The government strategy of selling its non-performing loans to the private sector was a landmark transaction that was hailed by the Department of Finance as the "model NPL resolution transaction" for distressed assets.
The sale was also cited by the Asian Development Bank as "a highly visible, precedent-setting transaction (that) will send a clear signal to the global community that the Philippine Government is committed to resolving its and the Philippine financial sector's nonperforming loan problem in general, and to restructuring its housing finance sector in particular."
More than just sending a message however, the government reaped the benefits of this pioneering transaction.
As a result of the public bidding, the Philippine Government received, as purchase price, P5.12 billion, which met the floor price fixed by NHMFC, SSS, HDMF, and DOF. In addition, consistent with the approval obtained from the Office of the President of the Philippines, NHMFC retained a 49% equity interest in Balikatan after transferring the highly-delinquent loans to it.

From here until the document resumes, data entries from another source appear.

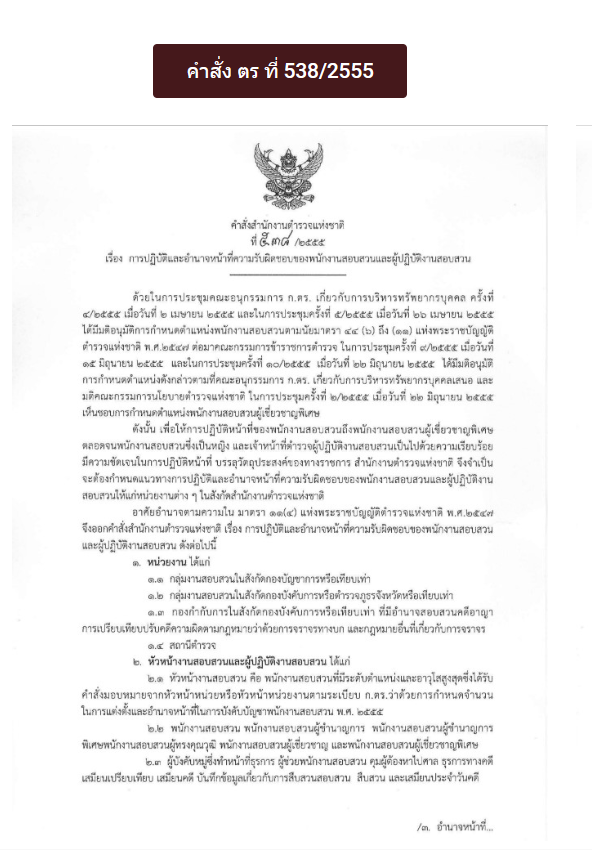 คำสั่งสำนักงานตำรวจแห่งชาติที่ 538/2555 เรื่องการปฏิบัติหน้าหน้าที่ความรับผิดชอบของพนักงานสอบสวนและผู้ปฏิบัติงานสอบสวน
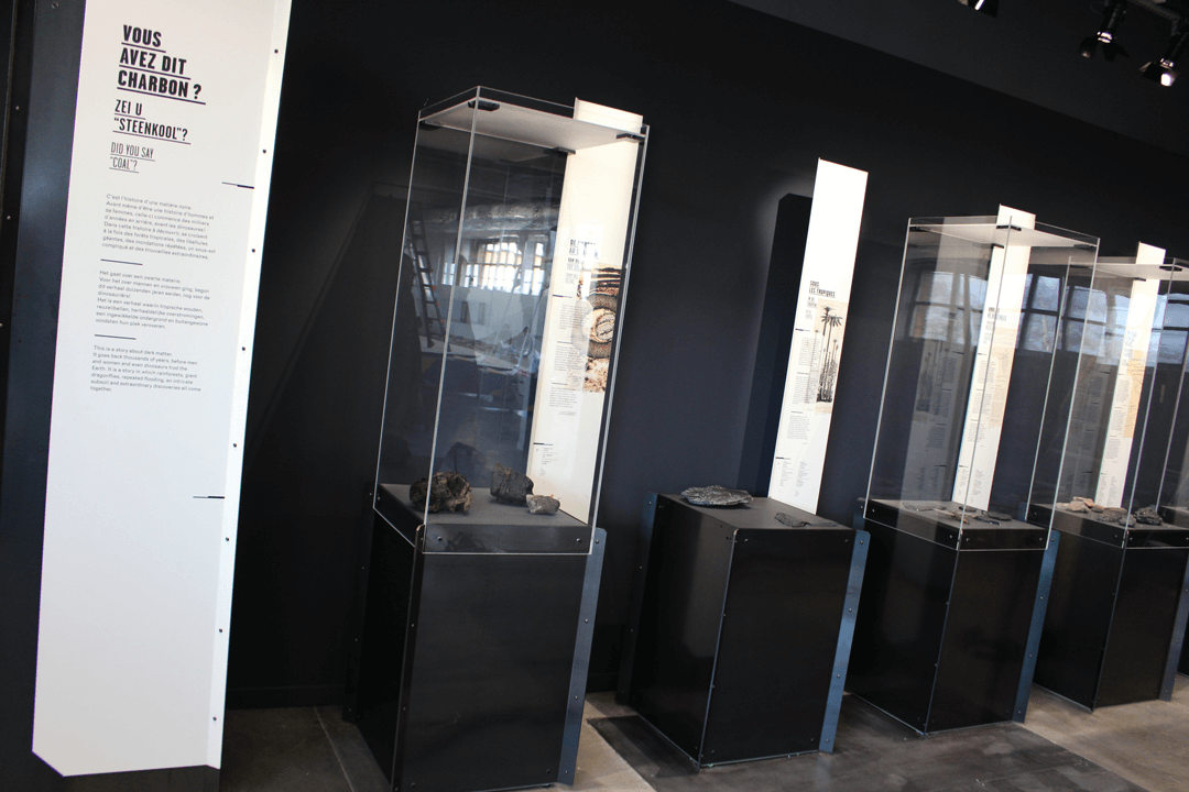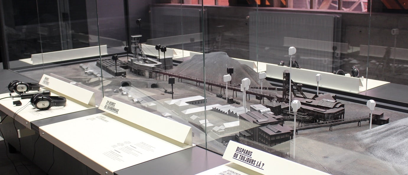 De tentoonstelling komt tot leven waar de steenkool uit de grond werd gehaald: het oude Recept van de steenkoolmijn, met rechtstreeks zicht op de schachtbok!
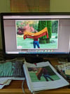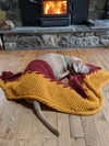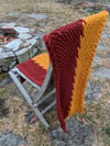 This two-colored wrap is inspired by the flames. The two sides are intertwined within the middle two-colored cable, surrounded by bramble stitch. The edges are defined by cables on each side. The wrap is knit flat, using an intarsia technique for the two colors.
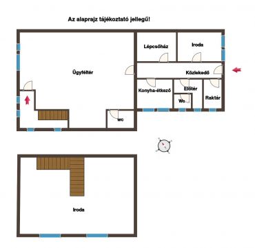 A földszinti rész két külön bejárattal rendelkezik, amelyek közül az egyik közvetlenül az utcáról nyílik, így akár több funkcióra vagy különálló üzleti egységekre is alkalmas lehet.
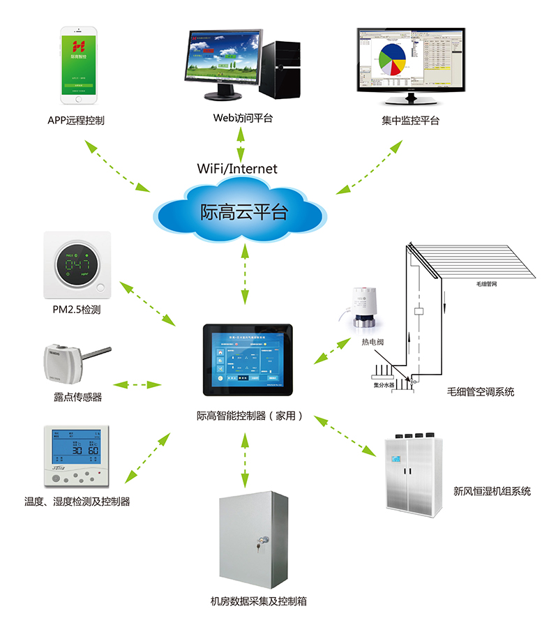 際高智能檢測(cè)與控制系統(tǒng),通過安裝在室內(nèi)的露點(diǎn)監(jiān)控、PM2.5監(jiān)測(cè)、二氧化碳濃度監(jiān)測(cè)、開窗監(jiān)測(cè)等監(jiān)測(cè)裝置,及時(shí)掌握室內(nèi)氣候狀況,通過室內(nèi)安裝的“際高智能控制器”或者手機(jī)APP,實(shí)現(xiàn)對(duì)毛細(xì)管輻射系統(tǒng)的水溫、流量進(jìn)行控制,對(duì)新風(fēng)系統(tǒng)的風(fēng)量、新風(fēng)濕度、潔凈度進(jìn)行調(diào)節(jié),確保健康、舒適的室內(nèi)氣候環(huán)境。際高智能檢測(cè)與控制系統(tǒng)如下圖:

Thus, NHMFC was assured of an equitable share of future collections as a stockholder of Balikatan, and it realized as well savings and other cost benefits from the transaction.
All these means that the SSS and Pag-Ibig will continue to reap the benefits of Balikatan's collection efforts from highly-delinquent borrowers who have refused to pay NHMFC after having enjoyed, and continuing to enjoy, properties purchased under the UHLP as far back as 15 years ago. As pointed out by Pag-Ibig, this will help keep the provident fund intact and protect its more than 7 million members.